Once the majority of the work for the analysis (Chapter 4) and interpretation (Chapter 5) stages was completed, active development began on the Gesture Construction, the final component of this doctoral project. The Gesture Construction is a real-time musical system that uses the Conductor’s Jacket to control its musical behaviors. This system has several components, including a revision and extension of the original Conductor’s Jacket data collection hardware, a range of real-time filters, and a software system for mapping the gestural data to music.

The idea behind the Gesture Construction system is to detect expressive features from incoming Conductor’s Jacket data in real-time and synthesize them into a range of musical effects. Ideally, these effects convey qualities that general audiences can recognize as being similar to the original, visually-perceived gesture. The reason to attempt such an ambitious task is to synthesize some of the analyses and hypotheses from the visual interpretation of the data and see if they sound "right" and "intuitive" to both trained professionals and the public. While a full synthesis of all thirty-five features is beyond the scope of the present work, a few features were explicitly synthesized to demonstrate the strength and merit of the approach. In addition, a number of other mappings were attempted to explore the range of possibilities for the system.

This chapter describes the final system architecture that was developed and details the real-time digital signal processing techniques that were implemented. It also presents the C++ algorithms that mapped the resulting signals to sound. Finally, several etudes ("studies") and compositions will be described in detail, along with descriptions from their public performances. I would also like to acknowledge here that the assistance of MIT undergraduate Noshirwan Petigara through the Undergraduate Research Opportunities Program was particularly appreciated during the development of this phase of the project. While the vast majority of the code that is described in this chapter was written by me, his contributions of code and support were helpful and reliable.

6.1 System Architecture

The final Gesture Construction hardware system includes an updated Conductor’s Jacket, two networked computers, and MIDI-controllable sound production equipment.

6.1.1 Jacket Design

The jacket, worn by myself, uses only the most volitional of the physiological sensors: muscle tension and respiration. I explored various configurations of muscle groups on both arms, and finally decided to use the following seven EMG measurements: right biceps, right forearm extensor, right hand (the opponens pollicis muscle), right shoulder (trapezius), left biceps, left forearm extensor, and left hand (opponens pollicis). All sensors were held in place on the surface of the skin by means of elastic bands, and the leads were sewn onto the outside of the jacket with loops of thread. Additional loops of thread were used to strain-relieve the cables.

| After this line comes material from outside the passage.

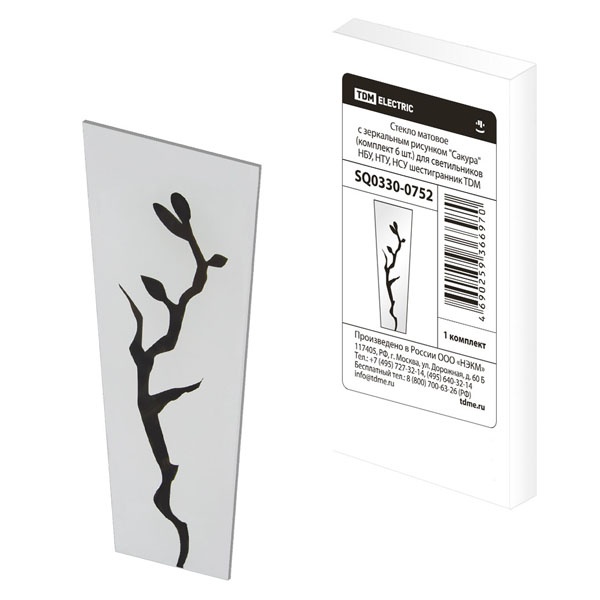 Комплект декоративных стекол от известной компании TDM Electric, который включает в себя 6 элементов, предназначен для установки в садово-парковые светильники в форме шестигранника. Он рассчитан на модели осветительных приборов серий НБУ, НТУ и НСУ различного типа установки, которые применяются для внешнего оформления жилых участков или общественных мест: бульваров, скверов, парков, садов и террас. Каждое стекло обладает одинаковой формой в виде трапеции и декорировано зеркальным изображением сакуры. Помимо внешнего оформления светильников, стекла выполняют защитную функцию источника света, предотвращая попадание влаги и пыли внутрь конструкции. Матовое покрытие поверхности обеспечивает мягкое и рассеянное свечение, которое комфортно для восприятия.Габаритные параметры стекла:ширина верхней грани – 6 см;ширина нижней грани – 4 см;высота – 14.7 см.Декоративное оформление придает изысканный внешний вид и подчеркивает индивидуальный стиль светильника. Комплект упакован в коробку с индивидуальным стикером и снабжен всей необходимой информацией по монтажу и эксплуатации. Масса набора составляет 320 г.

The jacket was attached to the computer by means of a cable that was plugged into sensor connections at the wearer’s belt. Extensive effort went into building a wireless radio transmitter for the data during the Fall 1998 semester, but ultimately the wire proved more reliable and higher-bandwidth. The final Conductor’s Jacket controller looked like this:

Figure 42. The final form of the Conductor’s Jacket

Besides integrating power, ground, and numerous signals, the jacket needed to be practical to use. Therefore, everything was designed such that it could be worn easily; it took no longer to put it on than it would take to wear a turtleneck sweater. After it was on, the sensors had to be adjusted under the elastics so that they reliably contacted the skin. Elastics on the wrists ensured that the EMG sensors would sit in place on the hand. Finally, the belt would be worn, which was attached to the connecting cable. After it was on, the eight sensor connections needed to made and the grounding strap was put in place next to the skin on the inside of the belt.

While not perhaps as simple as picking up a violin, the jacket’s design made it reasonably convenient to wear. The only awkwardness I encountered was when I would be surprised by a request to show my work and would have to leave the room to put on my instrument. This was not optimal for instantaneous demo requests, but otherwise didn’t present any serious problem.

6.1.2 System Design

To handle the fast data acquisition, filtering and mapping tasks of the system, I decided to use two separate computers. This was done to keep the different tasks modular, to avoid overtaxing a single processor, optimize data rates, and to be able to debug and find timing abnormalities more quickly. Also, it provided for a more flexible development environment, whereby software mappings could switch between many data lines continually. Both machines used the Windows 95 operating system and were connected by a TCP/IP socket over ethernet. They could run either on a large network or on a tiny local network, using a single ethernet hub to link them. I chose to use TCP/IP over a 10 base T ethernet connection since it looked as if it would run faster than RS232 serial, although I did not do a full test on this.

The data flow is achieved by running two separate development applications, one on each computer. The first machine runs National Instruments’ Labview, which filters, processes and passes the data. The second machine runs Microsoft’s Visual Developer Studio C++, which accepts the filtered data and maps it to algorithms that generate MIDI output. The computational architecture for the Gesture Construction follows the basic model of a typical computer vision or gesture recognition system, while working within the real-time constraints of interactive music. That is, the data goes through several stages of processing, but its lag times are constant and under five milliseconds. A typical computer vision system’s data path generally follows this trajectory:

sensor input -> preprocessing -> feature extraction -> classification -> symbolic output

In the Gesture Construction architecture, the data path differs slightly:

sensor input (x8) -> preprocessing -> filtering -> mapping -> musical output

The implementation details follow: eight lines of sensor data are sent as raw voltages (+/- 10 volts) from the Conductor’s Jacket. These signals are acquired by a ComputerBoards data acquisition card (CIO-DAS 1602/16), which converts them to 16-bit digital signals at a variable sampling rate. The card sits in an ISA bus on the first Windows 95 machine, and the acquisition rate and voltage range are controlled by a customized Labview application using specific ComputerBoards drivers. The sampling rate for the most time-critical signals is 3kHz; the less important signals are acquired at the board default of 330Hz.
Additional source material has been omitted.